Nobody dreams of a blue Christmas, but the blues are exactly what some people get at this time of year. It's not easy helping people cheer up, but caring friends and family can do a lot to help a loved one who is depressed.
Dave*, a stay-at-home dad in Toronto, says his wife, Charlene*, becomes less of her normal lively self at this time of year. She becomes more subdued and doesn't react to many of the seasonal celebrations going on around her. She'll pick at her favourite foods, for example, or shrug indifferently when close friends she hasn't seen in a while are due to come over.
While Charlene, a medical doctor, doesn't suffer full-blown depression, she still needs support and sympathy from those around her, says Dave, a trained psychologist. Dave steps in when he sees her grow quiet and hears her frequent sighs, indicating her Christmas-season blahs. He talks to her to find out if there is something specific bothering her.

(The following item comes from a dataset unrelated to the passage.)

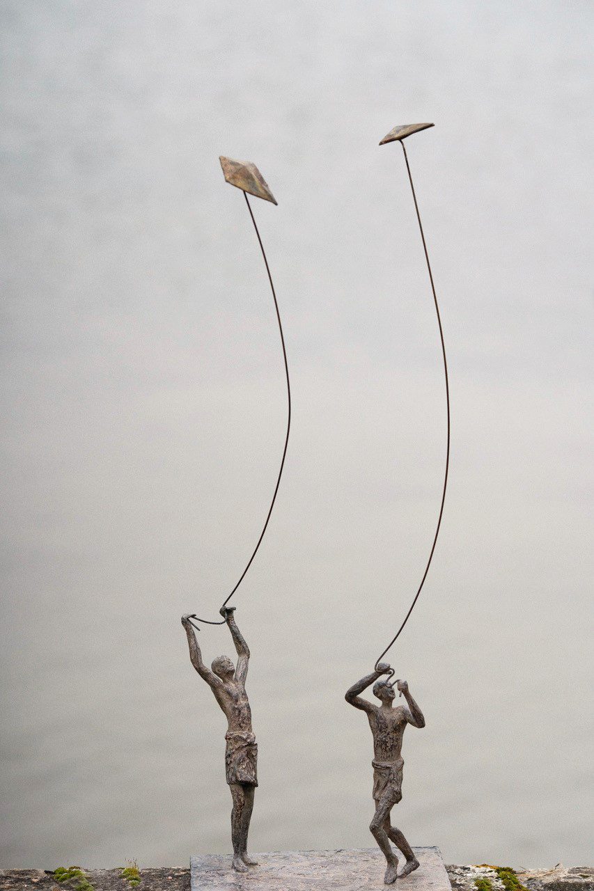 Group of 2 Childhood’s Sails II is an artwork by French contemporary sculptor Marine de Soos. This bronze sculpture is from the “Figure” series. This aesthetically delicate and light figurative sculpture represents two young men flying a kite. The artist gets her inspiration from real or imaginary scenes.
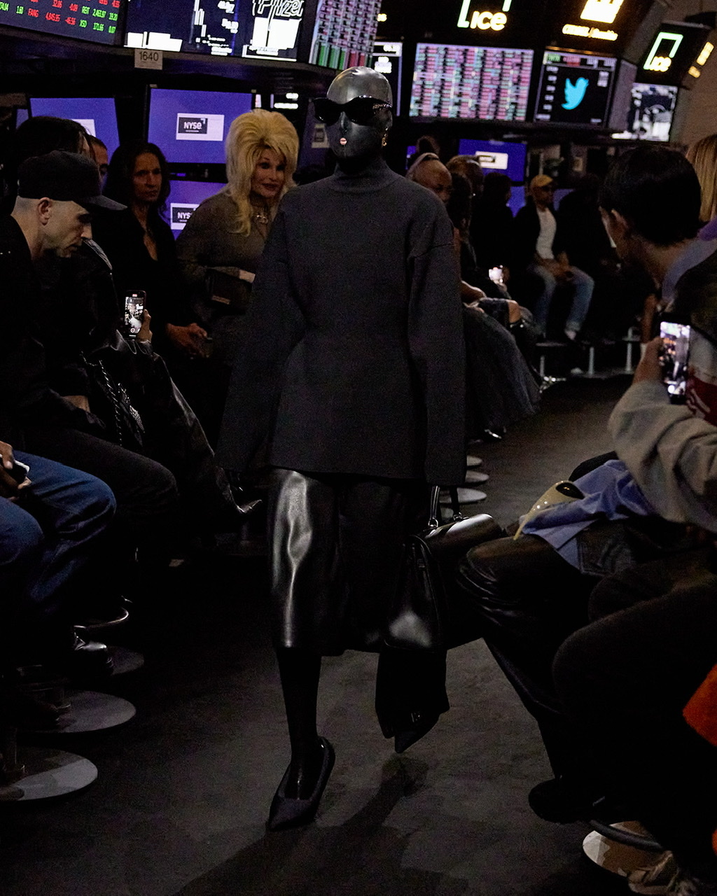 Balenciaga 最新款男女装成衣、鞋履、包袋、配饰、首饰和眼镜系列,被粗犷的单色调 背景衬托出极具冲突感的美学氛围。

Unrequited holiday expectations
"For Charlene, it's more a case of expectations not being met," says Dave. Instead of presenting the perfect family on their best behaviour, the kids start acting up because they're excited, and everyone's on edge because Grandma's grumpy after a long trip. Then there's the expectation that people will like their gifts, and the big disappointment when it's clear they don't.
Dave reminds her that things never run perfectly and encourages her to accept what happens in context. If the vegetables are overcooked, it's not the end of the world; if the kids are excitable, that's normal; and if the gifts aren't exactly right, remember that Christmas is about the act of being generous rather than about specific material items.
Talk it out
Talking about the things that cause her stress and finding ways to reduce them helps. Support and sympathy are key in helping her cheer up, he says.
Pam*, a freelance writer in Toronto, sometimes gets hit with a more severe type of depression right about now -- perhaps as a reminder of an incident that happened several seasons ago. Meeting 40 or so relatives of her new husband on Christmas Day five years ago was too much for Pam, who was used to small, quiet gatherings with a family that is more of formal British stock. Her husband's family is Italian, and getting used to a group that, to her, was much more excitable added to her stress. Without telling anyone, she quietly grabbed her coat, left the house and went for a long walk.
"I didn't know where she was, but I covered for her," says her husband, Paolo*, a chef. Pam has a history of depression, and while it's usually under control, once in a while it surfaces. But having a supportive, understanding spouse makes a huge difference in helping her recover from bouts, which can last for weeks at a time. Sometimes Christmas is great; other years it's a tough haul, and the couple never knows ahead of time which it's going to be.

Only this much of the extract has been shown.